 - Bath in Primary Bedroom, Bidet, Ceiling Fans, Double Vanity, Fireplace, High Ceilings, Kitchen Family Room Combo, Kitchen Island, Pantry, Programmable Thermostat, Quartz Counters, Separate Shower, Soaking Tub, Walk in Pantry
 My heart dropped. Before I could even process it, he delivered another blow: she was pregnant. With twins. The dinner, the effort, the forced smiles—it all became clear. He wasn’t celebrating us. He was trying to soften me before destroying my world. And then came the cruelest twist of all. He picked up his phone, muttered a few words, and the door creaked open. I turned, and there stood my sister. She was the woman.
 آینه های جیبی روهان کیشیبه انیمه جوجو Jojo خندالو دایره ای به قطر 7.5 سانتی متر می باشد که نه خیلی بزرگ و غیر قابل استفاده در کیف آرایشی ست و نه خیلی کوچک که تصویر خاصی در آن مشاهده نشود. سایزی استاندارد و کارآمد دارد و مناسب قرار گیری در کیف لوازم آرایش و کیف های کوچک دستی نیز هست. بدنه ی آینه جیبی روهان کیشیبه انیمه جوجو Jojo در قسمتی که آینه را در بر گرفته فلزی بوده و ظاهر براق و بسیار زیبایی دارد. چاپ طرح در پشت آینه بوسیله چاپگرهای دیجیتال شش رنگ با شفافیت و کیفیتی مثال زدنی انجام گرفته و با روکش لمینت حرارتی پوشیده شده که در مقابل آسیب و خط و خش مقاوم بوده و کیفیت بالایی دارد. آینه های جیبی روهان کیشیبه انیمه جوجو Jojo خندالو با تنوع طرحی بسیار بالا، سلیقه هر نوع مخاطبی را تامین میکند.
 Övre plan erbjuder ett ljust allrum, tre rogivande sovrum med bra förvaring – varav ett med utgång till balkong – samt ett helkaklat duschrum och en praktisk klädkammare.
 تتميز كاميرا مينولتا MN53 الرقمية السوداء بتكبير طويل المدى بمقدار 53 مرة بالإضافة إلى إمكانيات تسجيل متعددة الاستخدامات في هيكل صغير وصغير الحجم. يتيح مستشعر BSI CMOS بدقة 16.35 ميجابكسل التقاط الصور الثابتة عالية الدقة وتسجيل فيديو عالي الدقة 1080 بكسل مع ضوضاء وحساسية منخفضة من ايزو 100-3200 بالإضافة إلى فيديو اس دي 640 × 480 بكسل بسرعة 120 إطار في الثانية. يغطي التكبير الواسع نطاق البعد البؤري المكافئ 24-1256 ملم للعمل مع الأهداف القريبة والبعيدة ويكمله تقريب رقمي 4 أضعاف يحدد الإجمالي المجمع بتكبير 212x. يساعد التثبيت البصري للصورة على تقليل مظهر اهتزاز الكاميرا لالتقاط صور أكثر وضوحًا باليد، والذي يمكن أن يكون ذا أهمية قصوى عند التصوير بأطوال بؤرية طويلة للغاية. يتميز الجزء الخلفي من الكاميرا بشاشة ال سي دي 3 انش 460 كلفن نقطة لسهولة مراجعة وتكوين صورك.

(Work request): Nothing but the lines from the start of the data above through the line with "آینه های جیبی روهان کیشیبه انیمه جوجو Jojo خندالو دایره" should appear in your answer, copied exactly.

(Exercise answer):
 - Bath in Primary Bedroom, Bidet, Ceiling Fans, Double Vanity, Fireplace, High Ceilings, Kitchen Family Room Combo, Kitchen Island, Pantry, Programmable Thermostat, Quartz Counters, Separate Shower, Soaking Tub, Walk in Pantry
 My heart dropped. Before I could even process it, he delivered another blow: she was pregnant. With twins. The dinner, the effort, the forced smiles—it all became clear. He wasn’t celebrating us. He was trying to soften me before destroying my world. And then came the cruelest twist of all. He picked up his phone, muttered a few words, and the door creaked open. I turned, and there stood my sister. She was the woman.
 آینه های جیبی روهان کیشیبه انیمه جوجو Jojo خندالو دایره ای به قطر 7.5 سانتی متر می باشد که نه خیلی بزرگ و غیر قابل استفاده در کیف آرایشی ست و نه خیلی کوچک که تصویر خاصی در آن مشاهده نشود. سایزی استاندارد و کارآمد دارد و مناسب قرار گیری در کیف لوازم آرایش و کیف های کوچک دستی نیز هست. بدنه ی آینه جیبی روهان کیشیبه انیمه جوجو Jojo در قسمتی که آینه را در بر گرفته فلزی بوده و ظاهر براق و بسیار زیبایی دارد. چاپ طرح در پشت آینه بوسیله چاپگرهای دیجیتال شش رنگ با شفافیت و کیفیتی مثال زدنی انجام گرفته و با روکش لمینت حرارتی پوشیده شده که در مقابل آسیب و خط و خش مقاوم بوده و کیفیت بالایی دارد. آینه های جیبی روهان کیشیبه انیمه جوجو Jojo خندالو با تنوع طرحی بسیار بالا، سلیقه هر نوع مخاطبی را تامین میکند.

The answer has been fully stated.